On learning this, I immediately telephone my spouse at work and demand to know whether he secretly can multi-task and has been hiding this fact for three decades? His rather equivocal response is as follows. “If by multi-tasking you mean doing a lot of things in slapdash haste rather than one thing properly then, no, I can’t do that,” he responds. “It’s illogical.”

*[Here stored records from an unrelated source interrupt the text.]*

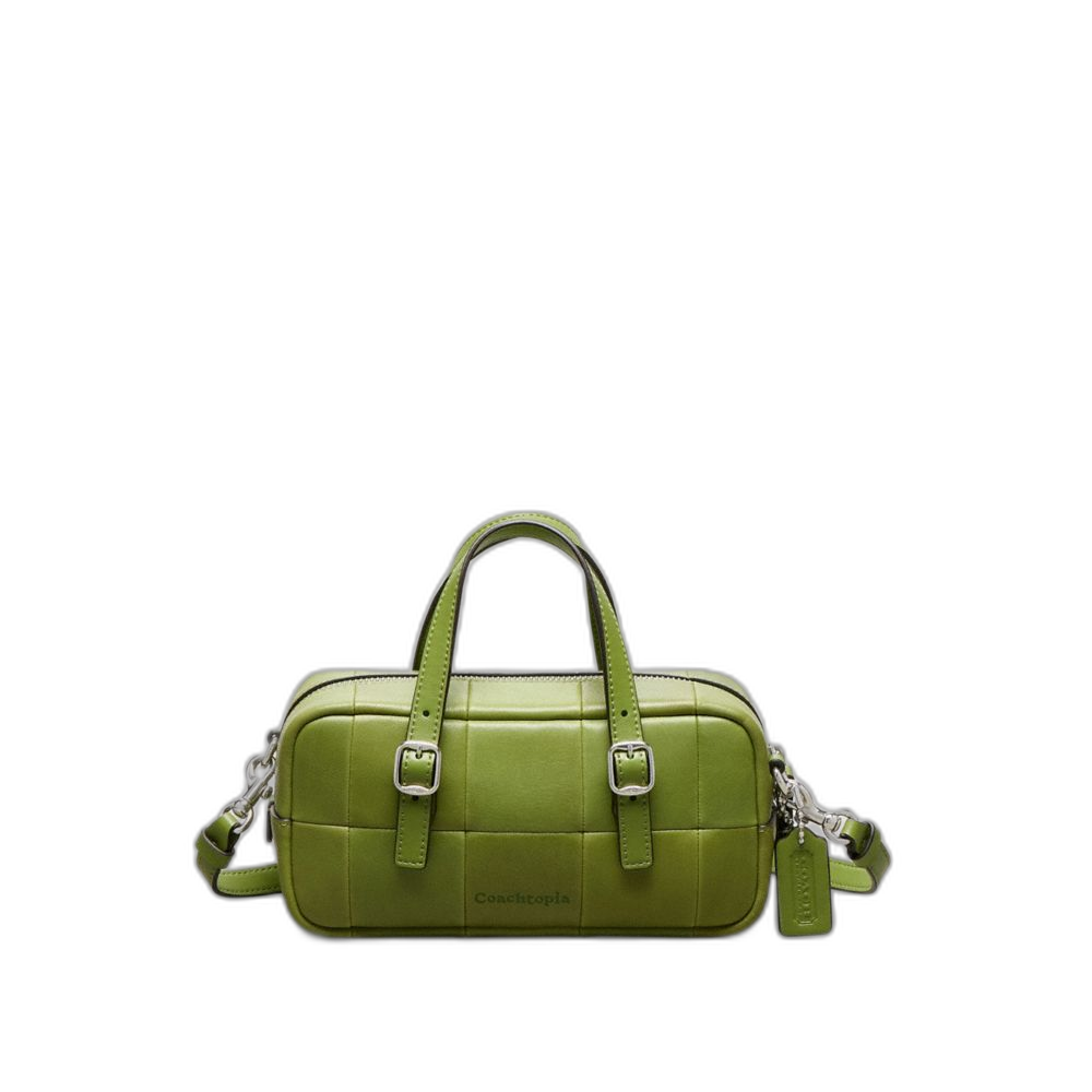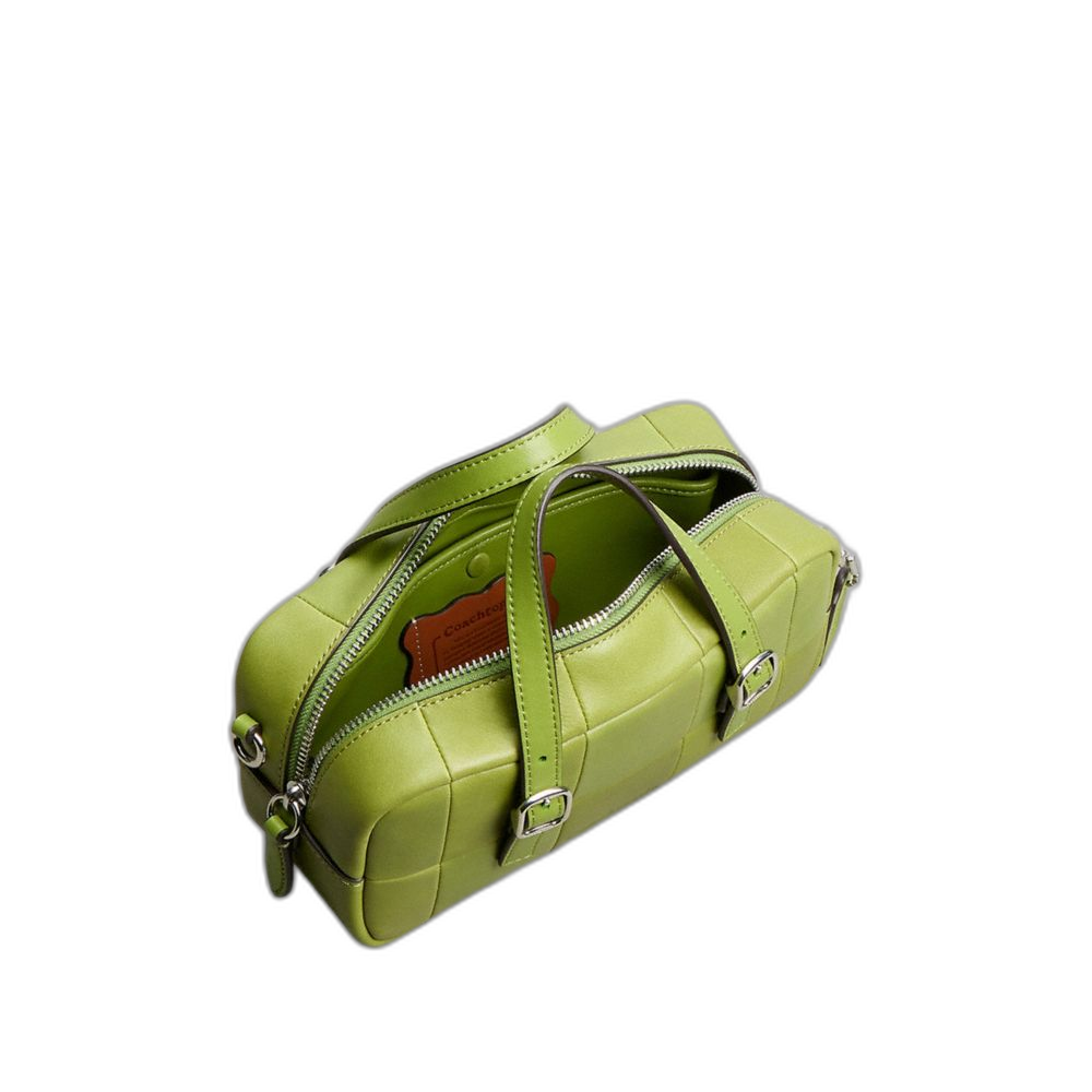 Coach Women's Alter/Ego Mini Satchel Bag In Checkerboard Upcrafted Leather With Crossbody Strap Dark Lime
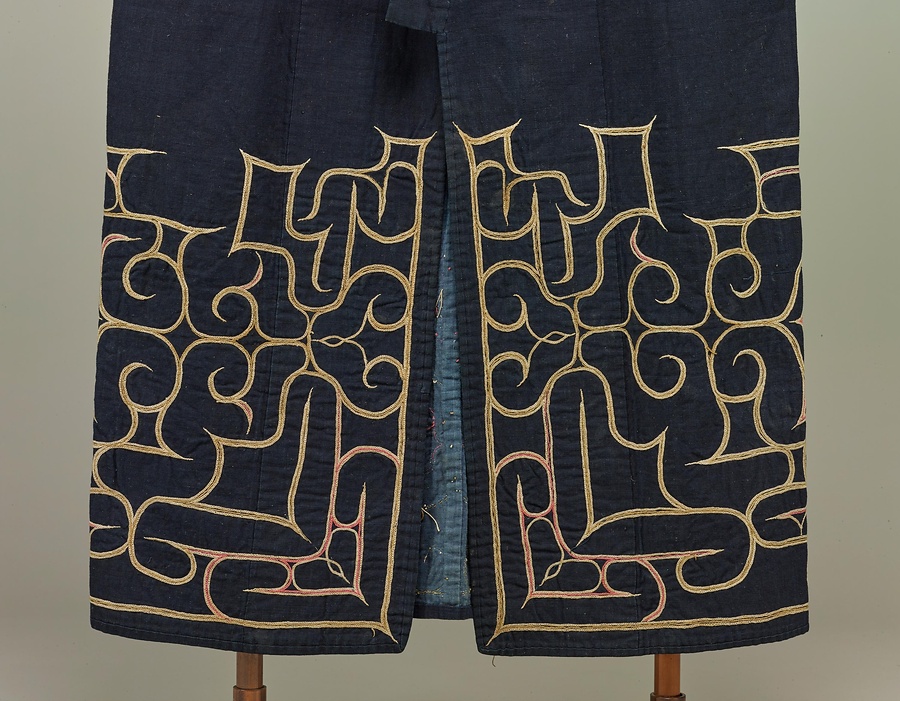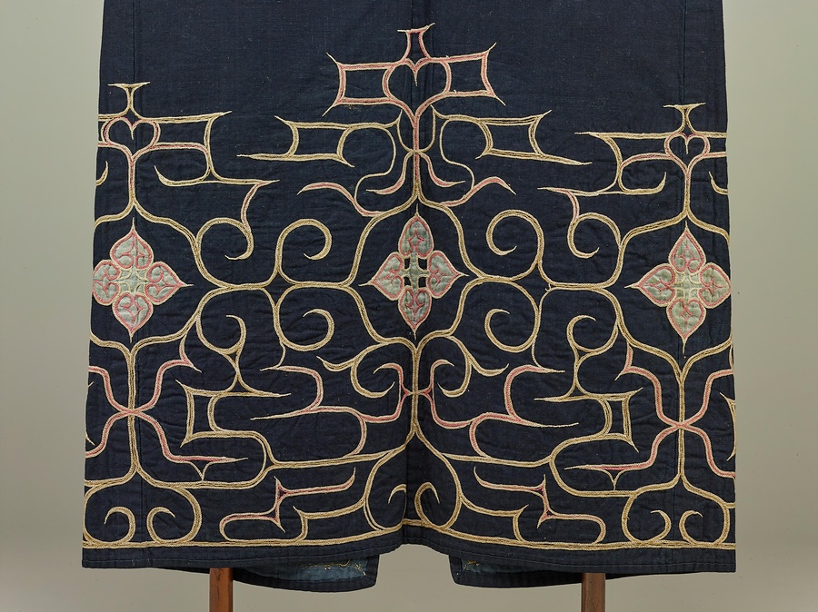 刺繍+ししゅう+のはいった紺木綿+こんもめん+の着物です。袖口、襟+えり+元、背、腰まわりに左右対称の文様構成で刺繍を施しています。後裾に花弁文の切伏せがあります。
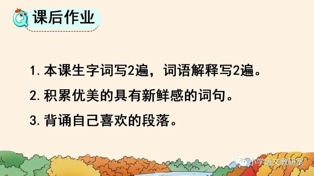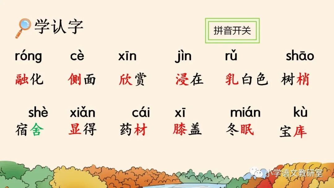 为了让大家能更好的预习新课文,教研室的老师开设了【微课堂】栏目,详细讲解每一课的知识点,有名师课堂视频,课件图解,还有精选同步练习。是家长、学生复习预习好帮手。建议各位家长、老师,为孩子收藏!让孩子提高预习和巩固效果!!
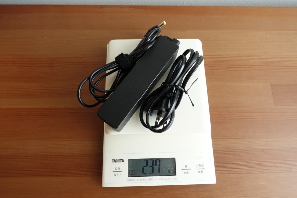 電源ケーブルとACアダプタを合わせた重量は約237gと軽量。
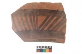 | Description / विवरण | Specimen of potsherd with black decorative geometric painting . |

“Does that mean you can’t because you haven’t got the ability? Or can’t because it offends your sensibilities?” “I can’t. Because. It. Makes. No. Sense,” he replies. “Besides, why are you calling me? Haven’t you got a fish tank to clean? Holiday clothes to launder? Papers to cancel?” Yes, yes and yes. I’ll do it all because otherwise it won’t get done. Or it might get done by my husband but very, very slowly. In the time it takes him to wash the dishes at glacial speed, I can have accomplished six or seven slapdash tasks. In truth, he relies upon it. The whole household does; and let’s not pretend also because it’s my thing. Or I thought it was.

This new research shatters one of our most fundamental certainties. Women the world over have been brainwashed into believing that we can’t read maps but we alone can multi-task. What nonsense! At least the multi-tasking bit is. Men on the other hand have been left thinking it’s easy to check the air pressure in the tyres but they can’t quite be trusted to simultaneously eat a sandwich and look after the baby. Absolutely true!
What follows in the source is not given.